EXERCISE REQUIREMENTS: Range to copy from the entries below: the line containing "A hand-drawn, bold, and" through the line containing "This flag raising", inclusive. Retype only those lines, exactly, without any images.
====== EXTRACTED RECORDS
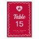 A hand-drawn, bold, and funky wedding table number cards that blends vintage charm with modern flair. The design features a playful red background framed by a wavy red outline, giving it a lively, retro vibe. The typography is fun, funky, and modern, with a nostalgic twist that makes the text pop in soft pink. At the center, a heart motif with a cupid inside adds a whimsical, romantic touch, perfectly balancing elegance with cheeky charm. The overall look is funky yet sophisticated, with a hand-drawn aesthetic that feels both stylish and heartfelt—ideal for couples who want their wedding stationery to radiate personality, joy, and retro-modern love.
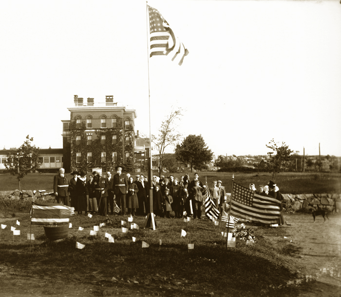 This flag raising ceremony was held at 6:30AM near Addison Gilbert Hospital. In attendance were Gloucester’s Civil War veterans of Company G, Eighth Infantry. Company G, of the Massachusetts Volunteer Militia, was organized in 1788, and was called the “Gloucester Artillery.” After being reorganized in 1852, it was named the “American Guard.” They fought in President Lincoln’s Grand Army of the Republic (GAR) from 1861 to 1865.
============
====== EXTRACTED RECORDS
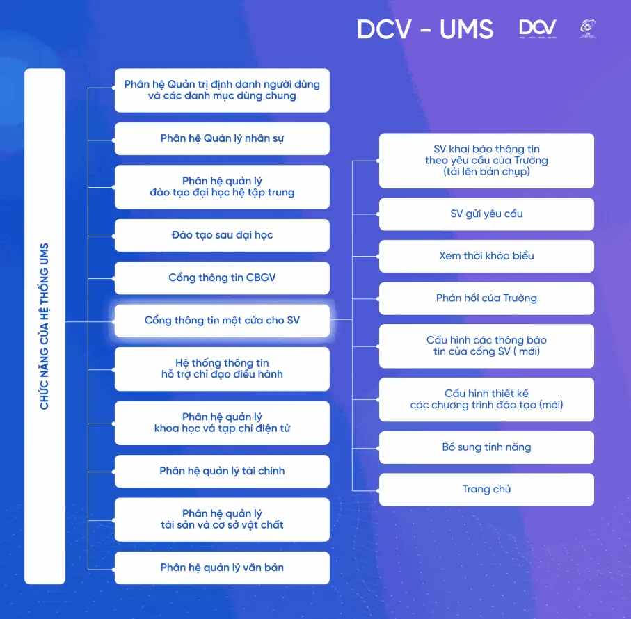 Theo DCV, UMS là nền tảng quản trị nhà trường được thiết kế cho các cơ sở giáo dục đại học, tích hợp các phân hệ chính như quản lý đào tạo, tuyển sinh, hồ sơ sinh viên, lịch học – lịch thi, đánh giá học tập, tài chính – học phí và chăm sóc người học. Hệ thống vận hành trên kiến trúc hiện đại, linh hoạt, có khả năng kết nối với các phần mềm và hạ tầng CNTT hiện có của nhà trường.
============
EXERCISE ANSWER:
 A hand-drawn, bold, and funky wedding table number cards that blends vintage charm with modern flair. The design features a playful red background framed by a wavy red outline, giving it a lively, retro vibe. The typography is fun, funky, and modern, with a nostalgic twist that makes the text pop in soft pink. At the center, a heart motif with a cupid inside adds a whimsical, romantic touch, perfectly balancing elegance with cheeky charm. The overall look is funky yet sophisticated, with a hand-drawn aesthetic that feels both stylish and heartfelt—ideal for couples who want their wedding stationery to radiate personality, joy, and retro-modern love.
 This flag raising ceremony was held at 6:30AM near Addison Gilbert Hospital. In attendance were Gloucester’s Civil War veterans of Company G, Eighth Infantry. Company G, of the Massachusetts Volunteer Militia, was organized in 1788, and was called the “Gloucester Artillery.” After being reorganized in 1852, it was named the “American Guard.” They fought in President Lincoln’s Grand Army of the Republic (GAR) from 1861 to 1865.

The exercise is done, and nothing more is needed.